• [Information shown]:
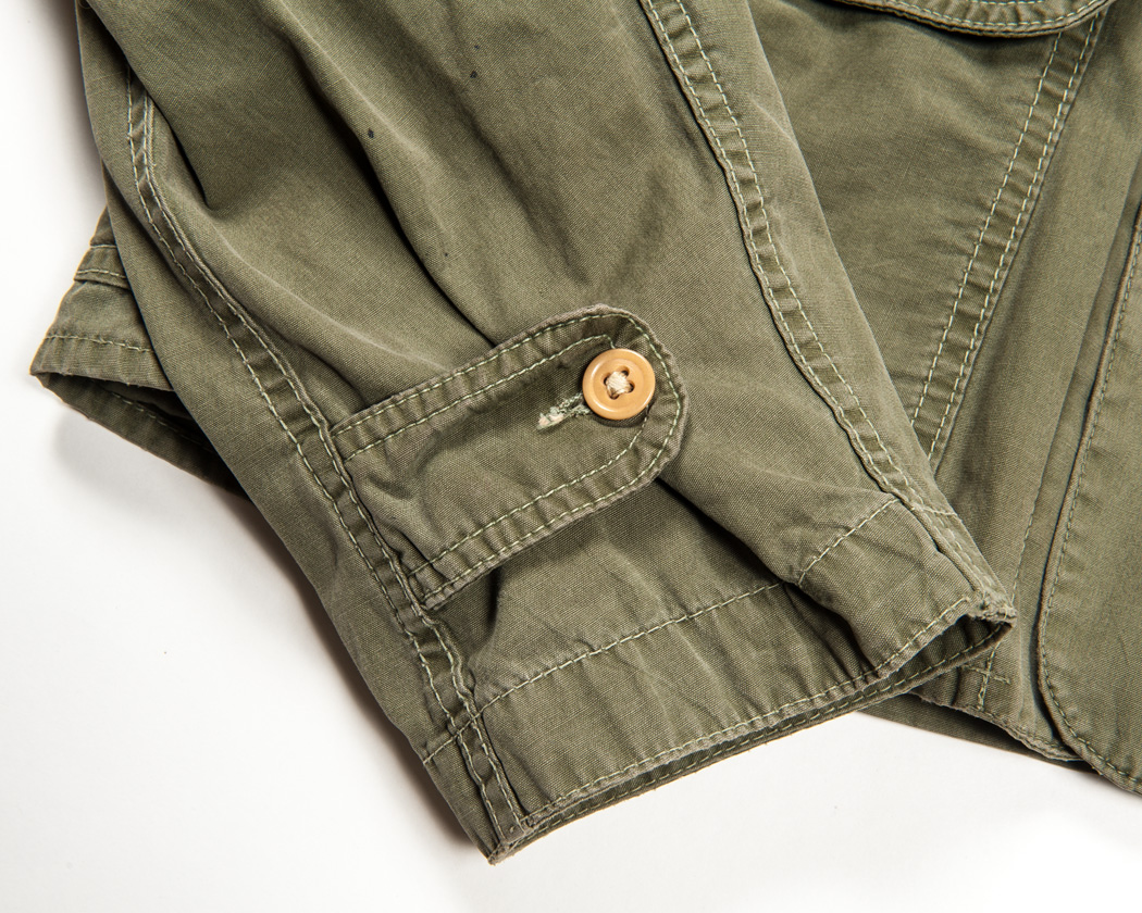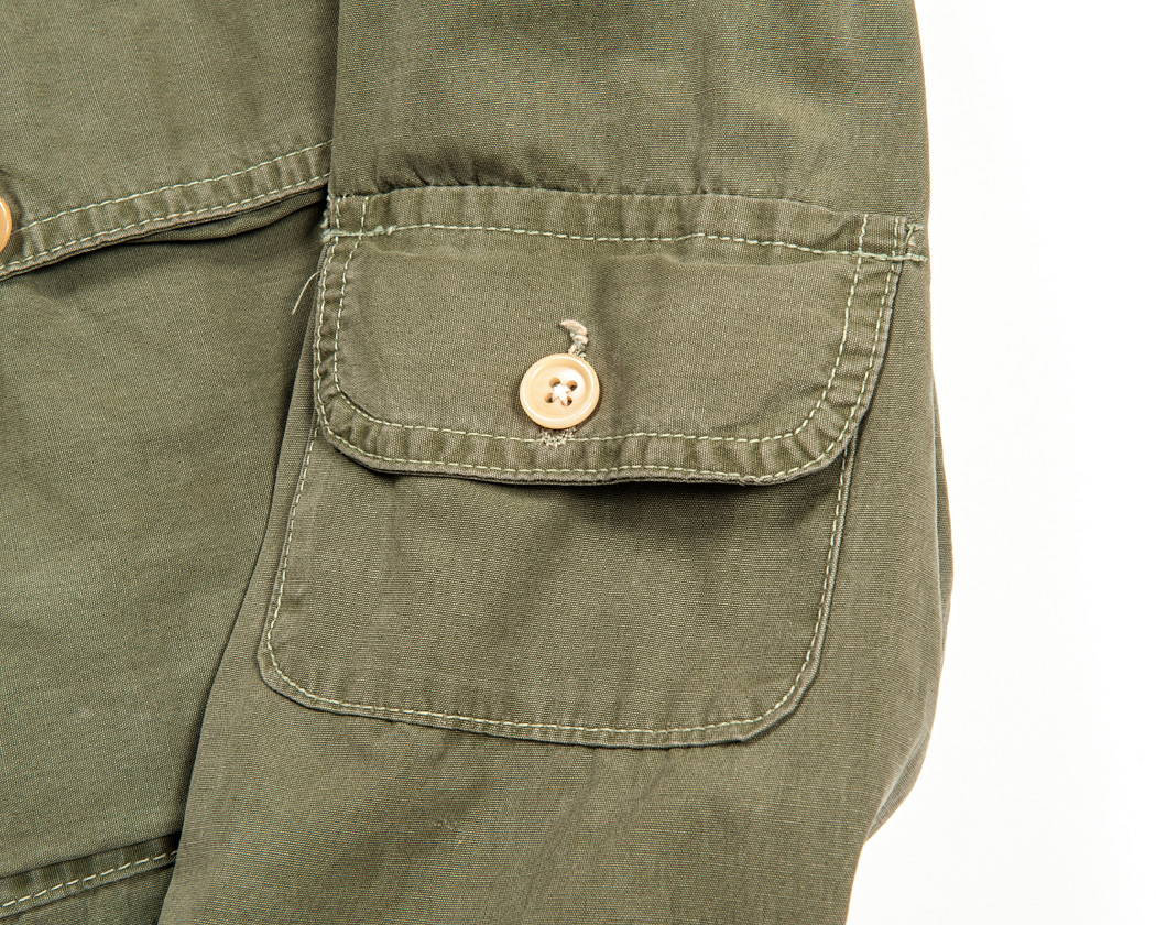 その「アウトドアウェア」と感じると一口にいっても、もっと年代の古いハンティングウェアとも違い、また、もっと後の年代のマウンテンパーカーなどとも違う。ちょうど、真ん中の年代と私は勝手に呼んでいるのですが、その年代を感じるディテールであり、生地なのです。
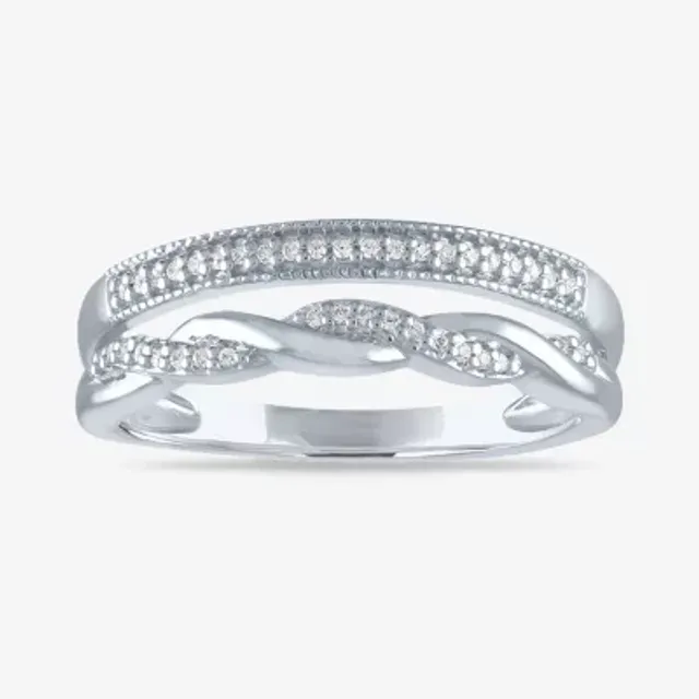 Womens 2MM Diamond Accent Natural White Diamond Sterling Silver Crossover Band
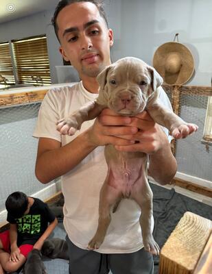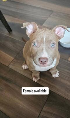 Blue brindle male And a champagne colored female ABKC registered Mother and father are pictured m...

• [Your task]: In the listing, find the line containing "Womens 2MM Diamond" and repeat it and every later line through the last one, word for word, excluding the pictures.

• [Exercise solution]:
 Womens 2MM Diamond Accent Natural White Diamond Sterling Silver Crossover Band
 Blue brindle male And a champagne colored female ABKC registered Mother and father are pictured m...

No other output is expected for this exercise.